Quanto à ideia de revolução, parece-me mais atual do que nunca. Se quisermos escapar à catástrofe ecológica - resultado necessário da lógica produtivista e consumista do capitalismo - precisamos de uma transformação revolucionária da sociedade, de uma rutura radical com o paradigma da civilização capitalista industrial moderna. Gosto muito da nova definição de revolução proposta por Walter Benjamin: não é "a locomotiva da história" (como Marx escreveu algumas vezes), mas os passageiros que puxam o travão de emergência do comboio. Todos nós somos passageiros de um comboio suicida chamado civilização capitalista industrial, que se precipita cada vez mais rapidamente para o abismo das alterações climáticas. É urgente parar este comboio que enlouqueceu.

Os "revisionistas" de hoje, os seguidores do liberalismo social ou da ecologia de mercado, são parte do problema, não da solução; as suas ambições - ou as suas práticas, uma vez no governo - limitam-se a uma gestão mais eficiente, mais "social" ou mais "verde" do "crescimento" capitalista.

Quem seria o sujeito de uma revolução ecossocialista? As forças que estão hoje na vanguarda do combate sócio-ecológico: os jovens, as mulheres, alguns sectores do campesinato, algumas forças sindicais. Mas não podemos ganhar a batalha sem o apoio dos trabalhadores, sem que a maioria da população esteja comprometida com o projeto de transformação social radical.

Contretemps - O último texto da coletânea é sobre o tema do internacionalismo. Em certos aspetos, o movimento social no tempo de Marx não tinha uma dimensão mais internacionalista do que hoje, o que parece ir exatamente contra a evolução do capitalismo, que, por sua vez, completou a sua globalização?

Michael Löwy - No tempo de Marx, assistimos ao início de um movimento operário internacional. A Primeira Internacional continua a ser um exemplo fascinante, devido à sua capacidade de reunir, pelo menos nos seus primeiros anos, um vasto leque de sensibilidades sociais e políticas, do sindicalismo ao anarquismo, passando pelo socialismo marxiano. Deste ponto de vista, poderia ser um exemplo a seguir para as iniciativas internacionalistas do nosso tempo.
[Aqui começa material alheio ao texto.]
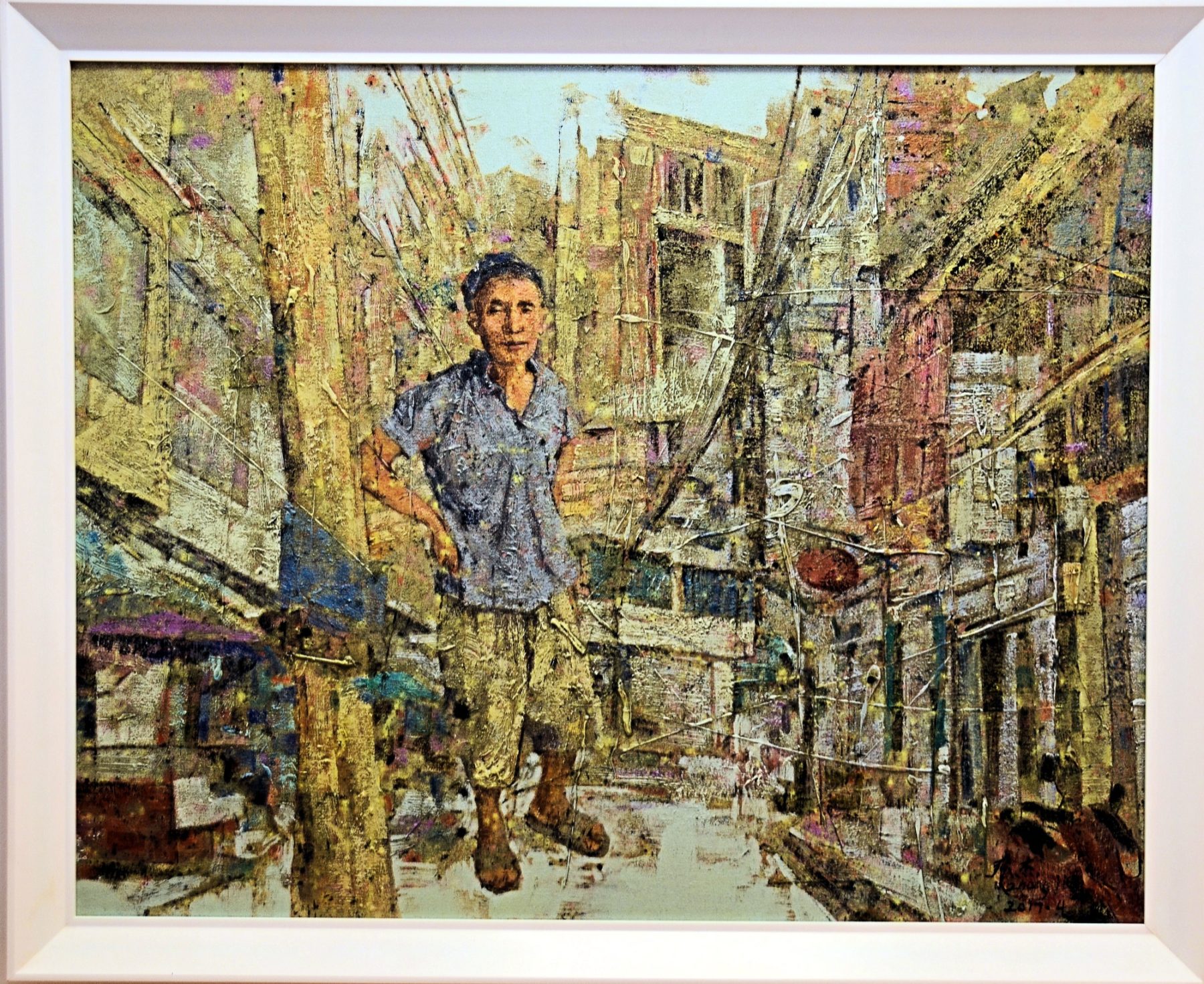 Orte, oftmals weit abgelegen von Ballungszentren, bilden die ärmliche Kulisse, die Jinwei aus seiner eigenen Kindheit noch kennt. Traurig-triste graue Hinterhöfe, deren Bewohner ebenso grau, traurig und verlassen wirken. Im Gegensatz zu Professor Zhang Jies Senioren sollten diese Kinder die Zukunftsträger sein – und sind doch schon umständehalber abgehängt, da niemand sie fördert und mit einbezieht in die gesellschaftlichen Veränderungen. Mit überdimensionierten fotorealistischen Kinderporträts, wie wir sie von anderen Ausstellungen He Jinweis gewohnt sind, macht der Künstler auf diese unzumutbaren Lebenssituationen aufmerksam. Er unterstreicht die Tragik dieser Persönlichkeiten mit schwermütigem Trauerschwarz und verschleiertem Nebelweiß.
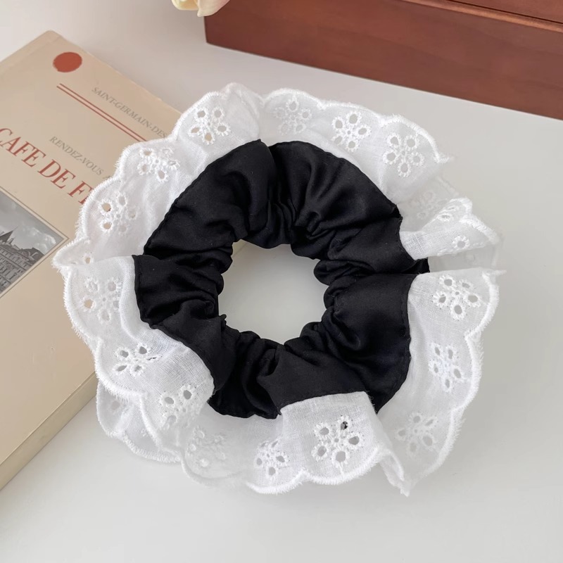 Color: 4# beige lace hair band 1, 7# black embroidered lace hair band 1, 2# white embroidered lace hair band 1, 6# Black white lace cut-out ruffled double layer 1 piece,
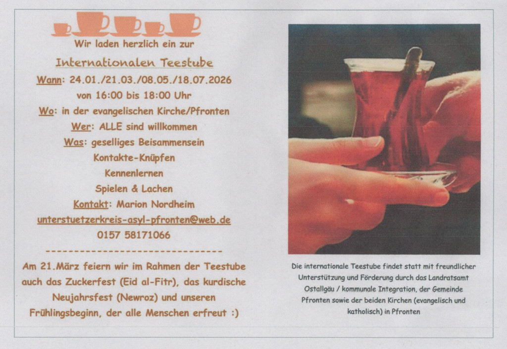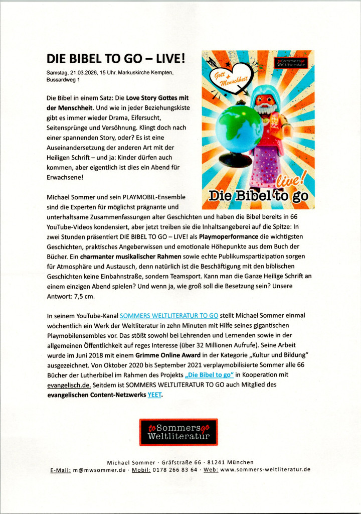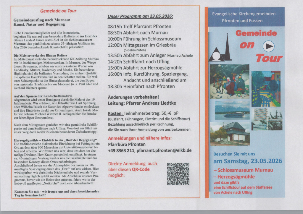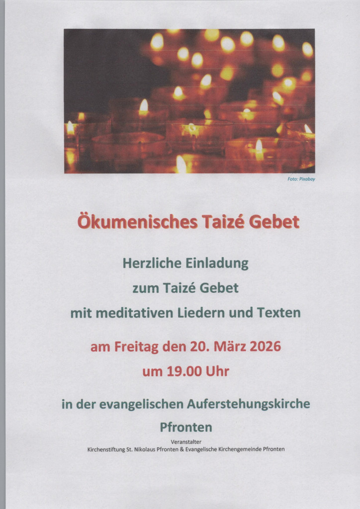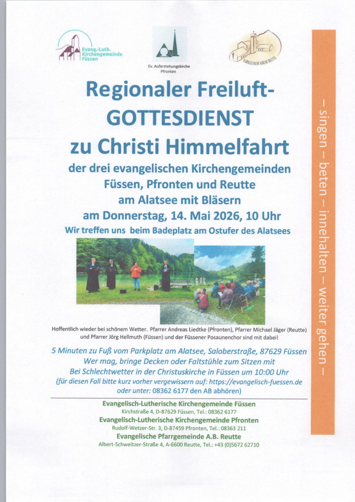 Hier finden Sie die aktuellen Plakate und Flyer unserer Gemeinde. Mit einem Rechtsklick können Sie das Bild in einem neuem Fenster öffnen. Dann lässt es sich herunterladen oder auch direkt per e-mail weiterleiten. Gerne können Sie es als Einladung an Freund*innen und Interessierte verschicken. Herzlichen Dank.
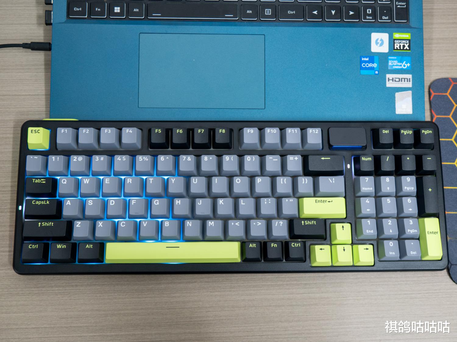 正面上看,输入内容都是以灰色键帽白色字体为主,而一些功能键是黑色键帽绿色字体为主,点缀的绿色部分是常用的功能键,比如ESC、空格、Enter、上下左右方向键,字体则是黑色,上部的F区是灰黑间隔布局。
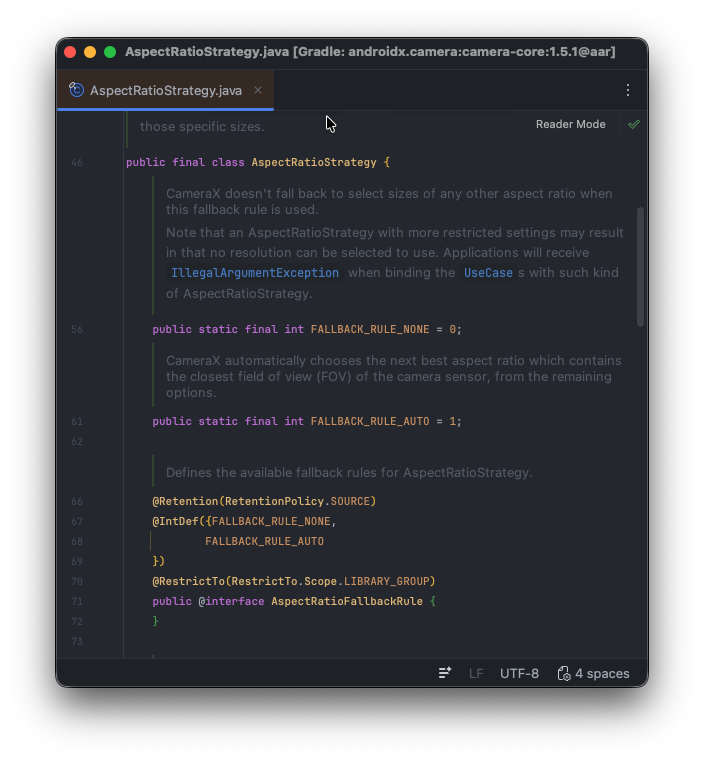 해당코드를 자세히 살펴보면, AspectRatioStrategy는 생성자를 통해 원하는 값을 주입하도록 구성할 수 있지만 한편으로 RATIO_4_3_FALLBACK_AUTO_STRATEGY 와
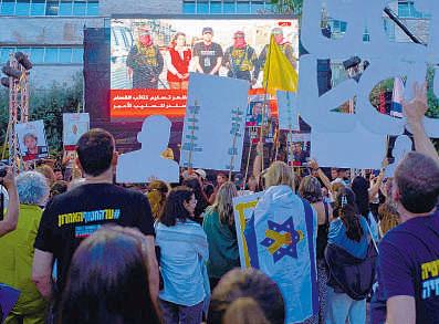 People watch a live broadcast Monday at a plaza known as Hostage Square in Tel Aviv as Israeli-American soldier Edan Alexander is released from Hamas captivity in Gaza.
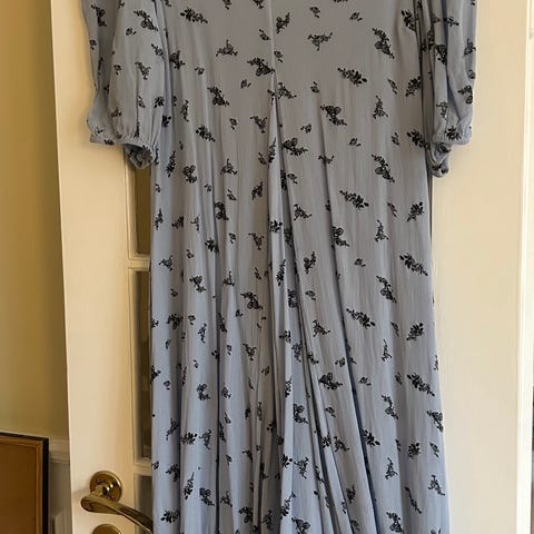 Smuk lyseblå Ganni-kjole, som man binder i taljen. Se sidste billede for rigtig farve og mønster. Brugt og vasket en enkelt gang.
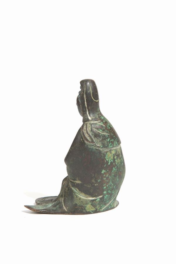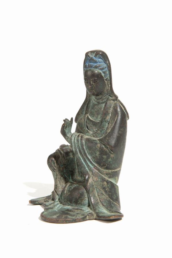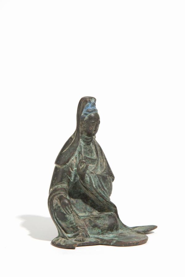 Piccola scultura in bronzo raff. "GUANYIN SEDUTA". Cina.
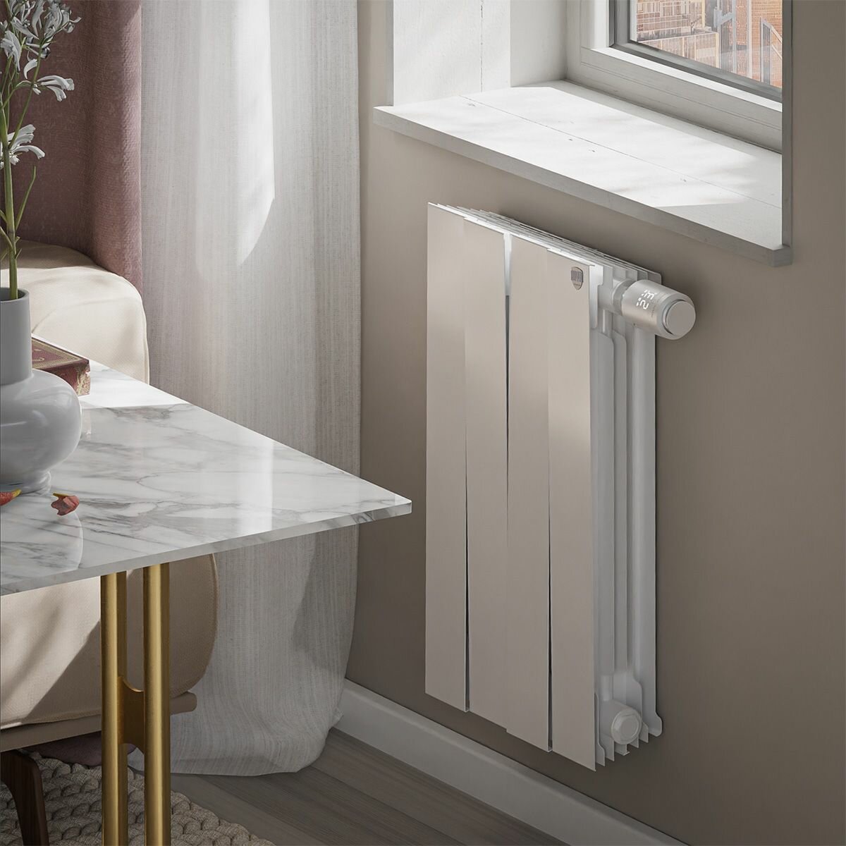 Биметаллический секционный радиатор отопления Royal Thermo Pianoforte Silver Satin 500 / 4 секции нижнее правое подключение
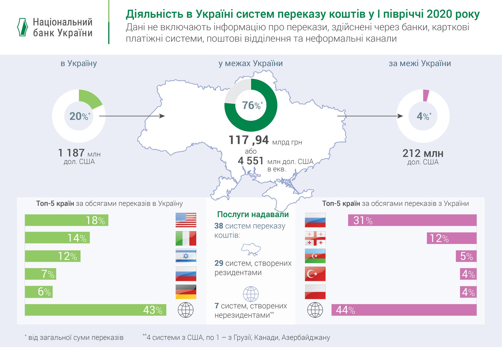 По предварительным оценкам Национального банка Украины, в январе - июне 2020 года объем частных переводов официальными и неформальными каналами каналами составил в Украину из-за границы - 5,365 миллиарда долларов США (в эквиваленте); из Украины за границу - 246 миллионов долларов США (тоже в эквиваленте).
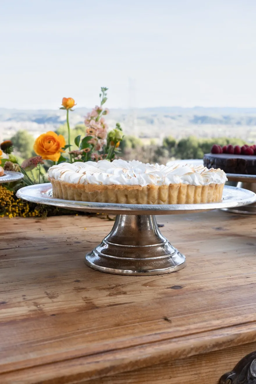 Base de aluminio con pie, ideal para complementar tus mesas, para servir tartas y postres… etc
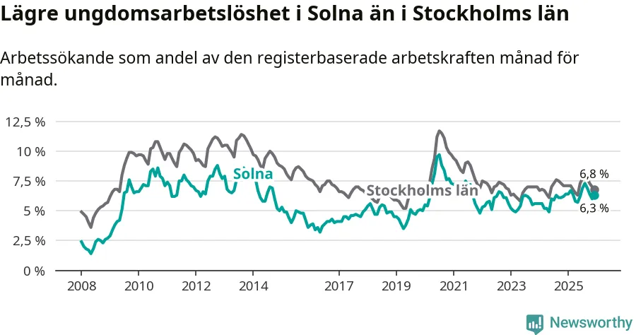 Precis som den totala arbetslösheten ligger ungdomsarbetslösheten i Solna lägre än i Stockholms län som helhet. Skillnaden mellan kommunen och länet är 0,5 procentenheter.
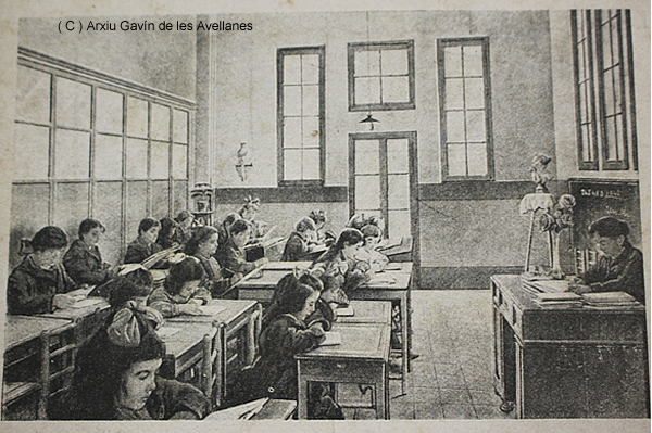 Sota el dibuix de la classe de nenes amb la seva mestra hi ha el text: "Una de las clases de la sección especial para señoritas". Podeu observar la part del darrere de la postal, datada i signada el mes d'agost del 1.918. A la part inferior dreta el segell de 10 cèntims d'Alfons XIII.

No entanto, a Internacional de Marx limitava-se aos países capitalistas avançados da Europa e da América do Norte. Só no século XX é que o internacionalismo socialista/comunista se estendeu aos países do Sul, aos países colonizados ou dependentes. A Terceira Internacional, que encarnava a esperança revolucionária após a Revolução de Outubro, foi dissolvida por Estaline em 1943, e a Quarta Internacional, fundada por Leon Trotsky em 1938, sobreviveu, mas permanece muito minoritária...

No início do século XXI, assistimos ao aparecimento de novos tipos de iniciativas internacionalistas: redes internacionais como a Via Campesina e encontros internacionais como o Fórum Social Mundial, onde militantes políticos de esquerda, sindicalistas, movimentos de camponeses, movimentos ambientalistas e/ou feministas se reúnem sob o lema: "Um outro mundo é possível".

Dito isto, a esquerda, o movimento operário e a oposição antissistema estão ainda longe de ter conseguido uma verdadeira organização internacional capaz de enfrentar a hidra de várias cabeças - imagem proposta pelos zapatistas de Chiapas - do capitalismo globalizado. Isto é tanto mais necessário quanto as forças nacionalistas reacionárias, por vezes neofascistas, estão a crescer em todo o mundo, traduzindo em várias línguas o mortífero slogan "Deutschland über Alles!

A crise ecológica e as alterações climáticas não conhecem fronteiras. A batalha ecológica, que é decisiva para o futuro dos povos que vivem neste planeta, só pode ser travada, em última análise, à escala internacional. As lutas sócio-ecológicas que se desenvolvem a nível local, regional ou nacional são muito importantes, mas não conseguiremos evitar a catástrofe sem uma batalha  antissistema global.


Entrevista de Léo Texier publicada em Contretemps. Tradução de Luís Branco para o Esquerda.net.